The present study has many notable strengths. First, the study was conducted using a large population-based and nationally representative survey of the United States. The wealth of data in NHANES facilitated the examination of genetic, environmental, and clinical data for each of the three major race/ethnicities in the United States. Moreover, whereas many previous reports were limited to a single population or were based on smaller study populations, we were able to conduct the analyses separately in each race/ethnicity, and were therefore able to account for the differences in allele frequencies, disease prevalence, and linkage disequilibrium patterns between these subpopulations.
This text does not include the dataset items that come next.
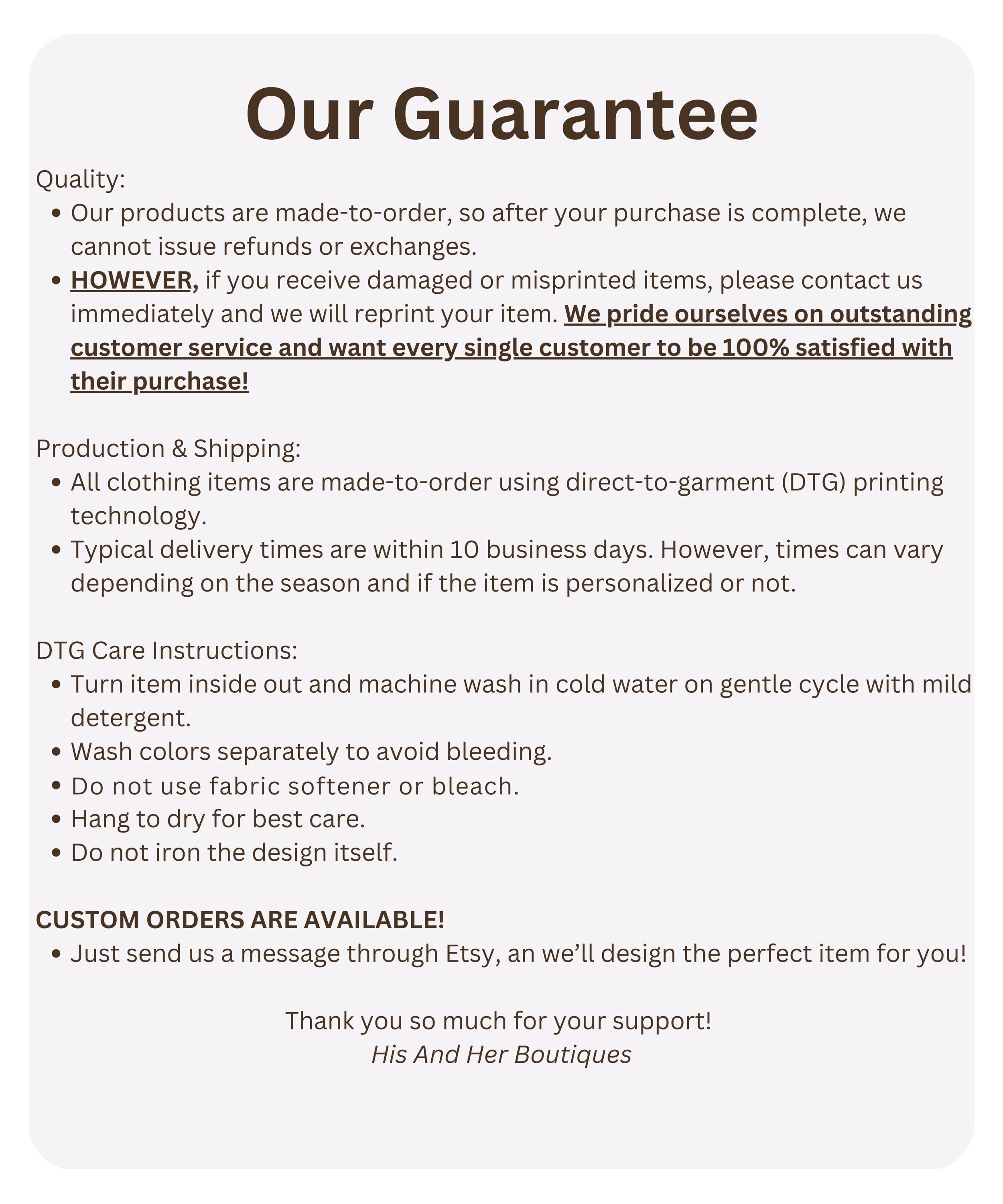 - Although we cannot accept returns or exchanges because our items are made-to-order, if you receive the wrong item, or your item is damaged, please reach out and we will either ship you a new item at no charge, or offer a refund depending on the situation. Thank you so much! We want all of our customers to be happy with their new product!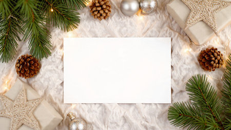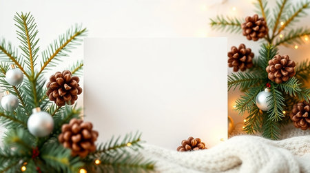 Christmas mockup white card template background with xmas festive seasonal decoration ornaments Generative AI Illustration.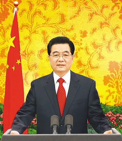 新年前夕,国家主席胡锦涛通过中国国际广播电台、中央人民广播电台和中央电视台,发表题为《共同推进人类和平与发展的崇高事业》的新年贺词。新华社记者 鞠 鹏摄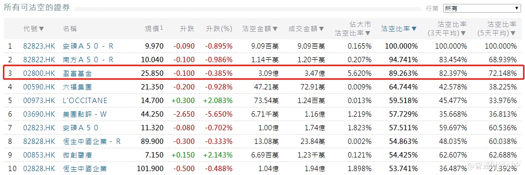我们当然希望股市的未来是向好的,有钱大家一起赚。但上周五(12月21日),盈富基金(02800)沽空比率高70.85%,本周一(12月24日)更是达到89.26%,却不得不让引起我们的注意。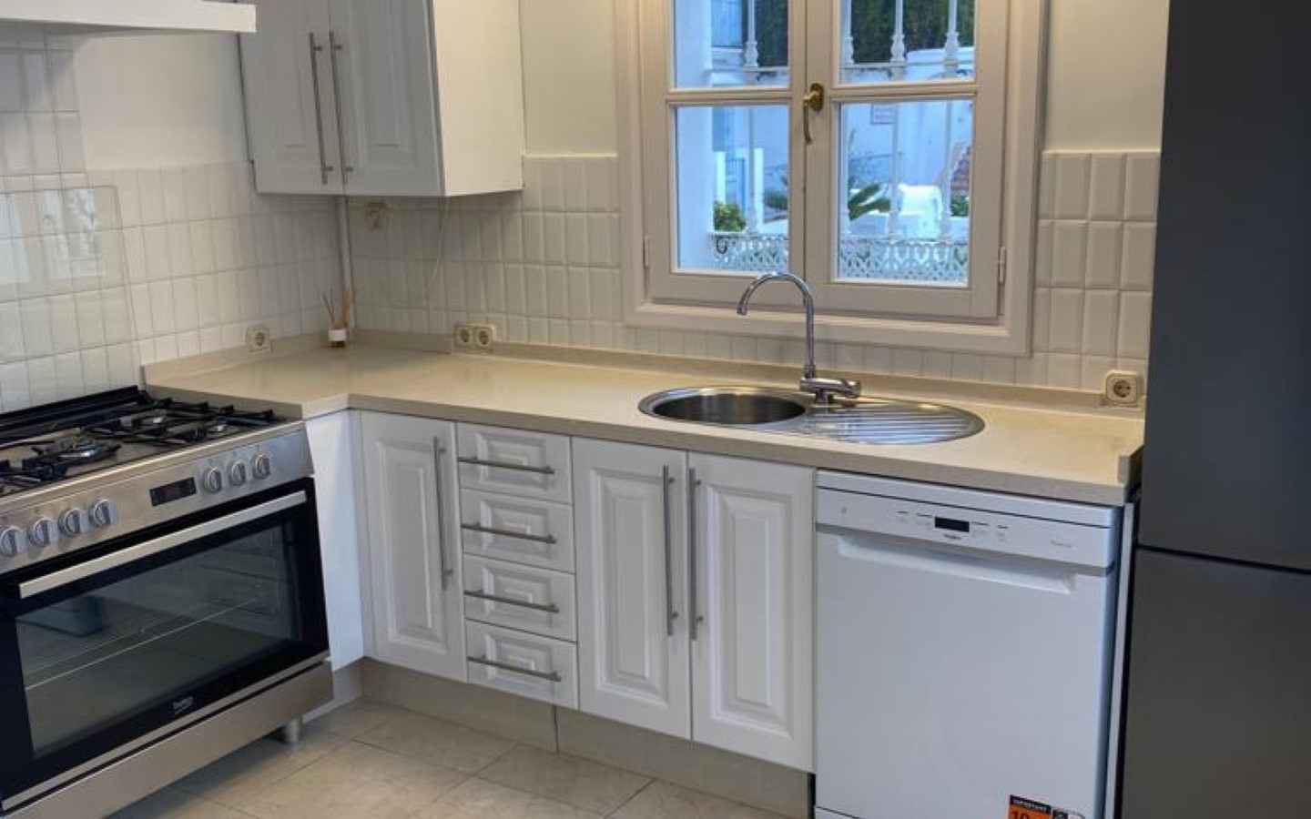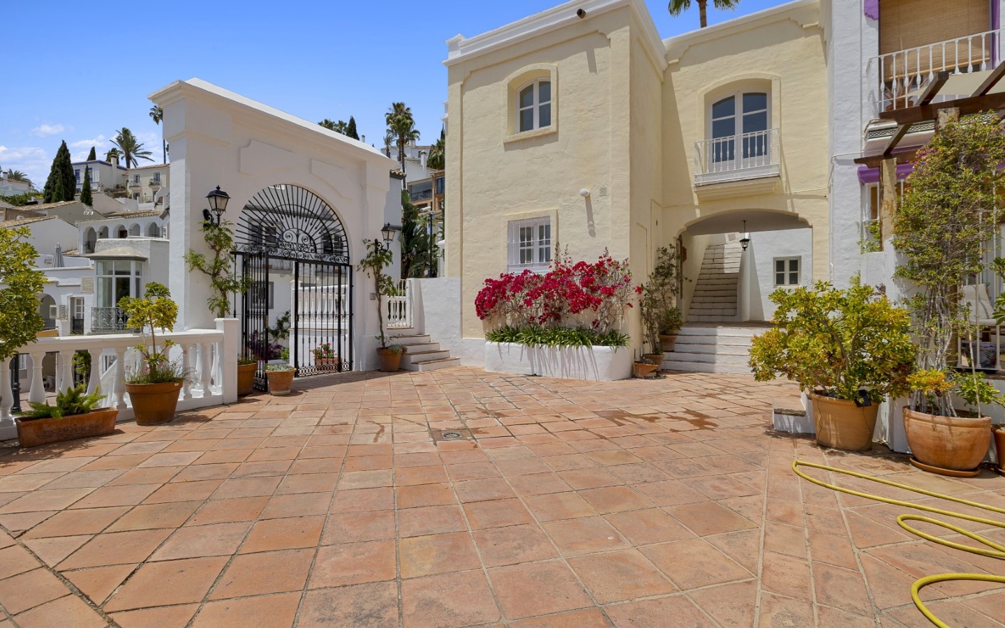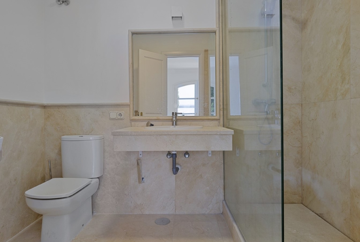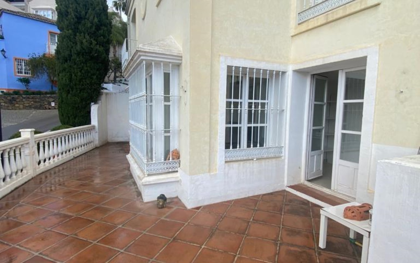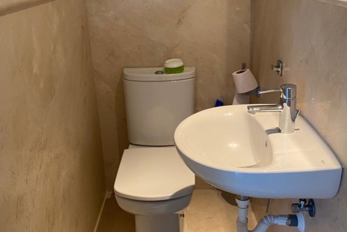 Nicely located townhouse in the cozy pueblo of La Perla de la Heredia on Ronda Road. South to southwest facing, with views to the pueblo and mountains surrounding it. A few steps to shops and restaurants, and 10 minutes to San Pedro town center and the beach.Living and dining room with fireplace, fully fitted kitchen and laundry area. Guest toilet. From the living area there is a open terrace. Master bedroom en suite and two guest bedrooms sharing a bathroom.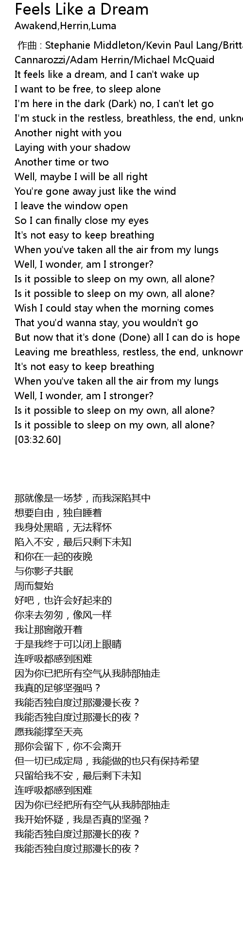 | [00:11.93] | It feels like a dream, and I can't wake up |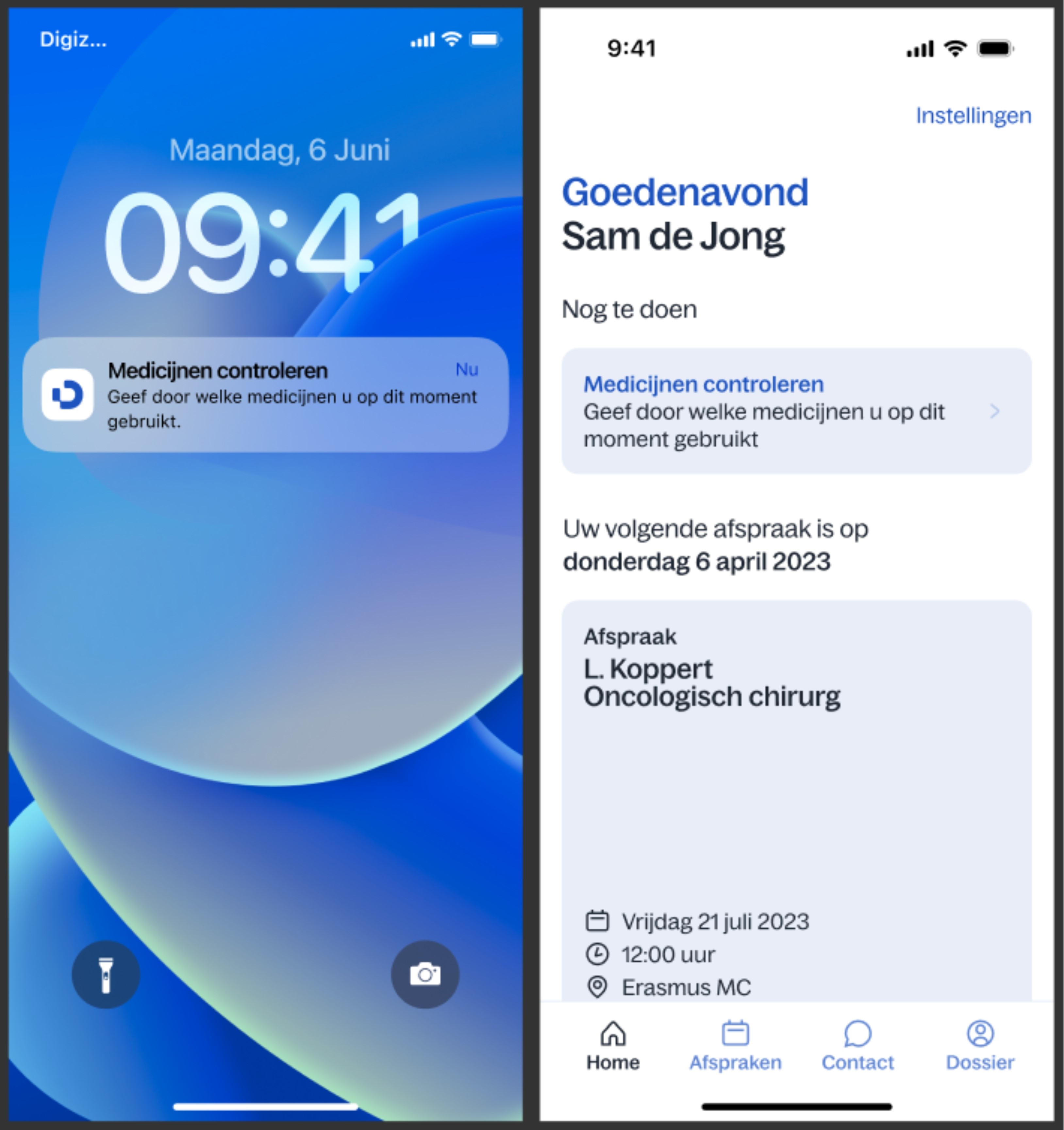 U krijgt een bericht in de app wanneer u uw medicijnen moet controleren. Dit is ongeveer 1 tot 2 weken voor uw opname.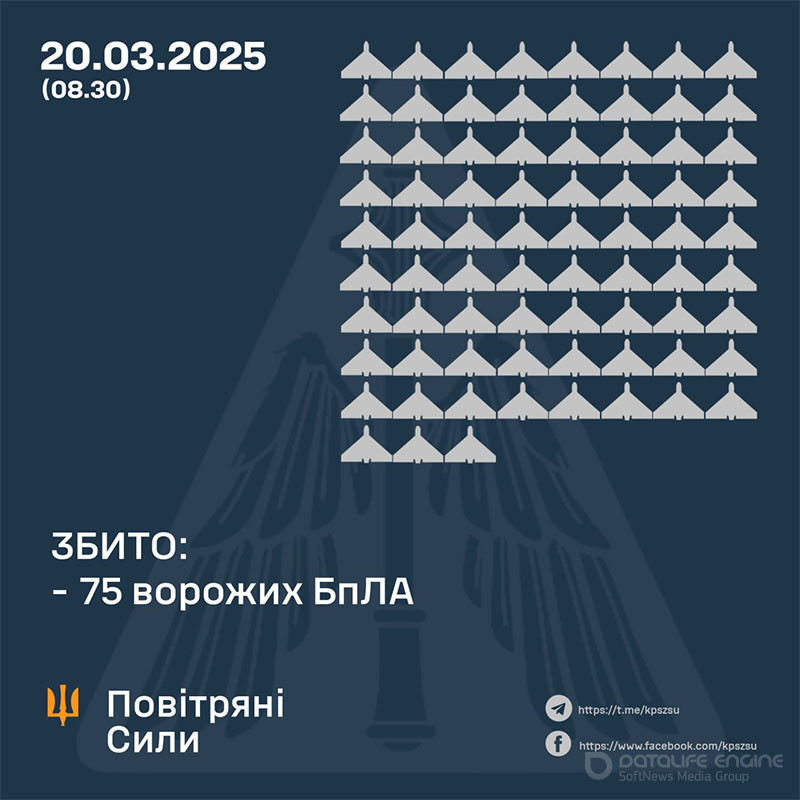 Збити станом на 08:30 вдалося 75 ударних БпЛА типу Shahed та безпілотників інших типів, а 63 БПЛА-імітатори були локаційно втрачені (без негативних наслідків).РЕКЛАМА

Finally, the control of hypercholesterolemia is an important clinical and public health objective. Awareness of, and screening for, hypercholesterolemia have become more common in recent years. Accordingly, treatment of the condition has increased since the initiation of the National Cholesterol Education Program in 1985. The use of cholesterol-lowering medications has increased steadily in U.S. adults aged ≥ 20 years, from 8.2% in 1999-2000 to 14.0% in 2005-2006, as measured in NHANES [68
]. Among those diagnosed with hypercholesterolemia, the proportion on treatment increased from 32.4% to 38.9% in the 8-year period from 1999 to 2006 [69
]. Association analyses of genetic variants involved in influencing blood lipid levels may therefore be complicated by a high prevalence of study participants who take lipid-lowering drugs. An advantage of this study in NHANES III is that a small number of participants taking such medication needed to be excluded (n = 75; 3% of fasting samples). Evaluation of such genetic associations in subsequent NHANES surveys will result in a loss of a higher number of participants in the analyses.
In addition to these strengths, we acknowledge several limitations. To help reduce the chance of potential false-positive results from multiple testing, we adjusted p-values to control the false discovery rate [39
]. This method assumes that the set of tests are independent. Yet, we know that many of the test statistics might be correlated because of linkage disequilibrium between genetic variants [70
]. The FDR adjustment, therefore, might result in overly conservative p-values, thus decreasing our ability to identify true associations.
Although we stratified the analysis by race/ethnicity, we cannot eliminate completely the possibility of confounding of our study results by population stratification. We were not able to assess population structure in our analysis and grouped participants by broad categories on the basis of self-reported race and ethnicity. Substantial admixture in the African American and Hispanic populations has been documented [71
]. However, previous research conducted on the U.S. population has found little evidence for population substructure in whites [75
Although the NHANES III data may be more representative of the U.S. population than other non-population-based samples, the statistical power to detect genetic associations was limited in this study. For example, we determined the beta-coefficients that correspond to the genetic variant explaining 1% of the variation in LDL-C. The beta-coefficients ranged from 5.2 to 26.3 depending on the frequency of the minor allele (MAF = 0.01 to 0.5). Using these beta-coefficients and corresponding allele frequencies described above for LDL-C, we found that our power would be 42-82% for non-Hispanic whites, 24-66% for non-Hispanic blacks, and 27-70% for Mexican Americans (Additional file 1
, Table S7).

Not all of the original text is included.